→ Data
____________________

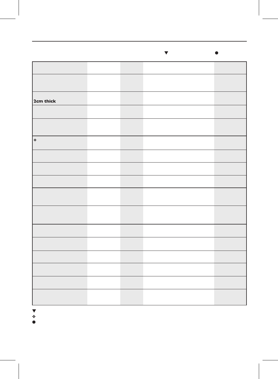 DEFROSTING CHART
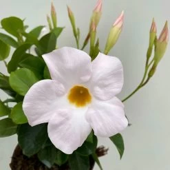 Die großen Blüten sind trichterförmig ausgebildet und begeistern in der Farbe Weiß. Von Mai bis Oktober setzt die Dipladenie schöne Akzente in Ihrem Zuhause.
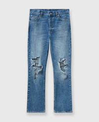 Item 6D03573SQH074052 An ode to our iconic Falabella, these bootcut jeans from Stella McCartney are sliced at the knees and embellished with silver diamond-cut chains that hang across the open gashes. This pair is crafted from organic cotton denim with a faded, distressed vintage feel. - Color: Blue - Dark blue vintage wash - Organic cotton denim - Falabella chains at knees - Distressed details - Concealed front zipper fly - Bootcut - Made in Italy Product Care & Fit Advice Care: Dry clean only Composition: 100% Cotton Fit: Regular fit Sizing: Take your usual size Midweight, non-stretch fabric
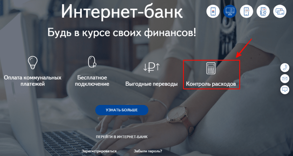 Удобно контролировать расход средств через интернет банк. Услуга абсолютно бесплатная, клиент может воспользоваться полной или мобильной версией сервиса. Понадобится предварительная регистрация на сайте. В дальнейшем для совершения операций понадобится только вход в систему.

____________________

→ Problem description
Apart from the pictures, every line above must be repeated exactly.

→ Expected answer
 DEFROSTING CHART
 Die großen Blüten sind trichterförmig ausgebildet und begeistern in der Farbe Weiß. Von Mai bis Oktober setzt die Dipladenie schöne Akzente in Ihrem Zuhause.
 Item 6D03573SQH074052 An ode to our iconic Falabella, these bootcut jeans from Stella McCartney are sliced at the knees and embellished with silver diamond-cut chains that hang across the open gashes. This pair is crafted from organic cotton denim with a faded, distressed vintage feel. - Color: Blue - Dark blue vintage wash - Organic cotton denim - Falabella chains at knees - Distressed details - Concealed front zipper fly - Bootcut - Made in Italy Product Care & Fit Advice Care: Dry clean only Composition: 100% Cotton Fit: Regular fit Sizing: Take your usual size Midweight, non-stretch fabric
 Удобно контролировать расход средств через интернет банк. Услуга абсолютно бесплатная, клиент может воспользоваться полной или мобильной версией сервиса. Понадобится предварительная регистрация на сайте. В дальнейшем для совершения операций понадобится только вход в систему.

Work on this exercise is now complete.